▶ _WORK INSTRUCTIONS_:
All of the data is to be set down again without alteration.

+++ DATA SUPPLIED +++

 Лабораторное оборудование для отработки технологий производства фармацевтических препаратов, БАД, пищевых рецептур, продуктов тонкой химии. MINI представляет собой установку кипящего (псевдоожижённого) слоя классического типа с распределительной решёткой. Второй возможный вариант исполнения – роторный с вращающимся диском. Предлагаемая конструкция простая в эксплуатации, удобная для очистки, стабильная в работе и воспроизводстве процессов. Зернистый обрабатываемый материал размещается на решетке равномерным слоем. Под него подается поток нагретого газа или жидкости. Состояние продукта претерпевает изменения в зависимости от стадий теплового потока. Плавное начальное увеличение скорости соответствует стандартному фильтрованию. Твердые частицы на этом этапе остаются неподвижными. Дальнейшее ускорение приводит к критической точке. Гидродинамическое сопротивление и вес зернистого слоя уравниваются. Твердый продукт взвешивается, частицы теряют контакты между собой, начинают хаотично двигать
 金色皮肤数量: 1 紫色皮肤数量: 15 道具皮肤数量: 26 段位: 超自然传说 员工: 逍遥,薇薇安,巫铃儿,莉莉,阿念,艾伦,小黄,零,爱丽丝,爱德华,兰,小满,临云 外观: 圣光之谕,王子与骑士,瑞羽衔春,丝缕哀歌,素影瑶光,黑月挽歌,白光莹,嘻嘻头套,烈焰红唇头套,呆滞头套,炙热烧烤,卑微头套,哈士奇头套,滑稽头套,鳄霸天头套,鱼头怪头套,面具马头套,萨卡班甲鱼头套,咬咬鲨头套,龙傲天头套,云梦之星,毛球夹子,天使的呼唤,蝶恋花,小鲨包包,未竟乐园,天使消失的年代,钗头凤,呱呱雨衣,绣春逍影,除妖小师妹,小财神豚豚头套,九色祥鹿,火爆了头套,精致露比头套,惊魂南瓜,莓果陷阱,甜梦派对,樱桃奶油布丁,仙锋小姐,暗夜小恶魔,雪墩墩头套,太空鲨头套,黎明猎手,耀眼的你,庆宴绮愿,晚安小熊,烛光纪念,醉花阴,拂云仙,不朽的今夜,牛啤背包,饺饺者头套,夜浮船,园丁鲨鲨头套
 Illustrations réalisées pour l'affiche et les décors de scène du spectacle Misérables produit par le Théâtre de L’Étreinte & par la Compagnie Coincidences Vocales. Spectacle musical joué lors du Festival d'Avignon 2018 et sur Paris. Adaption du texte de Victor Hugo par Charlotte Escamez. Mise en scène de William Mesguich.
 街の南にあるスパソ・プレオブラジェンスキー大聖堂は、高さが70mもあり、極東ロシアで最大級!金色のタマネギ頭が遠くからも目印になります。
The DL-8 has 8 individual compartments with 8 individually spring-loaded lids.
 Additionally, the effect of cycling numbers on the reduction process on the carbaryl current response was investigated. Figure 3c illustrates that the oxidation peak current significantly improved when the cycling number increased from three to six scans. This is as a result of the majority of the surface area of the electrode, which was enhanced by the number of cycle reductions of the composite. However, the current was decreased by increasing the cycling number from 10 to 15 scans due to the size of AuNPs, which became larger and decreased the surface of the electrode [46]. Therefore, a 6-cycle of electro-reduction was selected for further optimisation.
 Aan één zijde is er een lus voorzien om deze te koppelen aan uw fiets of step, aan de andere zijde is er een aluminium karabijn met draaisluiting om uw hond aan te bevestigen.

+++

▶ _RESPONSE FOR THIS EXERCISE_:
 Лабораторное оборудование для отработки технологий производства фармацевтических препаратов, БАД, пищевых рецептур, продуктов тонкой химии. MINI представляет собой установку кипящего (псевдоожижённого) слоя классического типа с распределительной решёткой. Второй возможный вариант исполнения – роторный с вращающимся диском. Предлагаемая конструкция простая в эксплуатации, удобная для очистки, стабильная в работе и воспроизводстве процессов. Зернистый обрабатываемый материал размещается на решетке равномерным слоем. Под него подается поток нагретого газа или жидкости. Состояние продукта претерпевает изменения в зависимости от стадий теплового потока. Плавное начальное увеличение скорости соответствует стандартному фильтрованию. Твердые частицы на этом этапе остаются неподвижными. Дальнейшее ускорение приводит к критической точке. Гидродинамическое сопротивление и вес зернистого слоя уравниваются. Твердый продукт взвешивается, частицы теряют контакты между собой, начинают хаотично двигать
 金色皮肤数量: 1 紫色皮肤数量: 15 道具皮肤数量: 26 段位: 超自然传说 员工: 逍遥,薇薇安,巫铃儿,莉莉,阿念,艾伦,小黄,零,爱丽丝,爱德华,兰,小满,临云 外观: 圣光之谕,王子与骑士,瑞羽衔春,丝缕哀歌,素影瑶光,黑月挽歌,白光莹,嘻嘻头套,烈焰红唇头套,呆滞头套,炙热烧烤,卑微头套,哈士奇头套,滑稽头套,鳄霸天头套,鱼头怪头套,面具马头套,萨卡班甲鱼头套,咬咬鲨头套,龙傲天头套,云梦之星,毛球夹子,天使的呼唤,蝶恋花,小鲨包包,未竟乐园,天使消失的年代,钗头凤,呱呱雨衣,绣春逍影,除妖小师妹,小财神豚豚头套,九色祥鹿,火爆了头套,精致露比头套,惊魂南瓜,莓果陷阱,甜梦派对,樱桃奶油布丁,仙锋小姐,暗夜小恶魔,雪墩墩头套,太空鲨头套,黎明猎手,耀眼的你,庆宴绮愿,晚安小熊,烛光纪念,醉花阴,拂云仙,不朽的今夜,牛啤背包,饺饺者头套,夜浮船,园丁鲨鲨头套
 Illustrations réalisées pour l'affiche et les décors de scène du spectacle Misérables produit par le Théâtre de L’Étreinte & par la Compagnie Coincidences Vocales. Spectacle musical joué lors du Festival d'Avignon 2018 et sur Paris. Adaption du texte de Victor Hugo par Charlotte Escamez. Mise en scène de William Mesguich.
 街の南にあるスパソ・プレオブラジェンスキー大聖堂は、高さが70mもあり、極東ロシアで最大級!金色のタマネギ頭が遠くからも目印になります。
The DL-8 has 8 individual compartments with 8 individually spring-loaded lids.
 Additionally, the effect of cycling numbers on the reduction process on the carbaryl current response was investigated. Figure 3c illustrates that the oxidation peak current significantly improved when the cycling number increased from three to six scans. This is as a result of the majority of the surface area of the electrode, which was enhanced by the number of cycle reductions of the composite. However, the current was decreased by increasing the cycling number from 10 to 15 scans due to the size of AuNPs, which became larger and decreased the surface of the electrode [46]. Therefore, a 6-cycle of electro-reduction was selected for further optimisation.
 Aan één zijde is er een lus voorzien om deze te koppelen aan uw fiets of step, aan de andere zijde is er een aluminium karabijn met draaisluiting om uw hond aan te bevestigen.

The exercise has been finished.